Still have to write the shell script wrapper. Hopefully the dsjob interface will not add much time to the process. If this gets over 2-3 seconds it won't be worth the effort.
.
.
.
* Reset the parsed job and wait for it to finish
Call DSLogInfo(ParsedJob:LastRunStatus, "Reseting job and last run status")
Dummy = DSRunJob(ParsedJob, DSJ.RUNRESET)
Dummy = DSWaitForJob(ParsedJob)
SHOULD BE
* Reset the parsed job and wait for it to finish
Call DSLogInfo(ParsedJob:LastRunStatus, "Reseting job and last run status")
Dummy = DSRunJob(AttachedJob, DSJ.RUNRESET)
Dummy = DSWaitForJob(AttachedJob)
6-10 seconds is about as good as it gets, though you don't have to wait for one to finish before you issue the reset request for the next.
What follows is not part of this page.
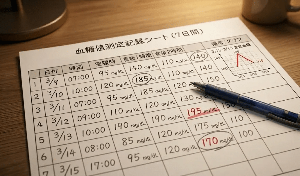 「食後の血糖値を測定しましたが、スパイクはありませんでした。他に考えられる原因を検査してください」と伝えれば、医師も次の検査を進めやすくなります。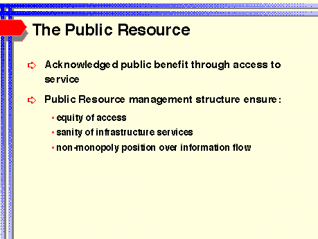 - Acknowledged public benefit through access to service - Public Resource management structures to ensure: equity of access sanity of infrastructure services non-monopoly position over information flow

That is, lose the DSWaitForJob calls, and implement a different mechanism for checking that things are still running or not, checking the exit status once they've finished, then detaching.
The dsjob interlude doesn't add much overhead.
IBM Software Services Group
Any contribution to this forum is my own opinion and does not necessarily reflect any position that IBM may hold.
You would need a complex OR condition to detect all possible job status values that would potentially benefit from being reset. These include 3 (job failed), 13 (validation failed), 97 (stopped) and 99 (other). In the last case, there is no guarantee that the reset will work; you really need to check for that, too.
Ideally, too, you need to pick up the same parameter values with which the job was run when it aborted, so that (for example) the DSN is the same. This can be done with the log interrogation options for dsjob.
IBM Software Services Group
Any contribution to this forum is my own opinion and does not necessarily reflect any position that IBM may hold.
The code you found with Ray's additions would be fine if you know the exact job names at the time of execution. We use controlling jobs to initiate streams of DataStage jobs. All of the particular jobs for a given stream are all saved within the same category(gui folder) in a project, and at any given time new jobs may be added or removed from the stream. I was wanting to create a way to reset any aborted jobs within one of these categories without reseting all aborted jobs in a project. I have not had the time to finish the wrapper script, but it would just be a simple call to dsjob.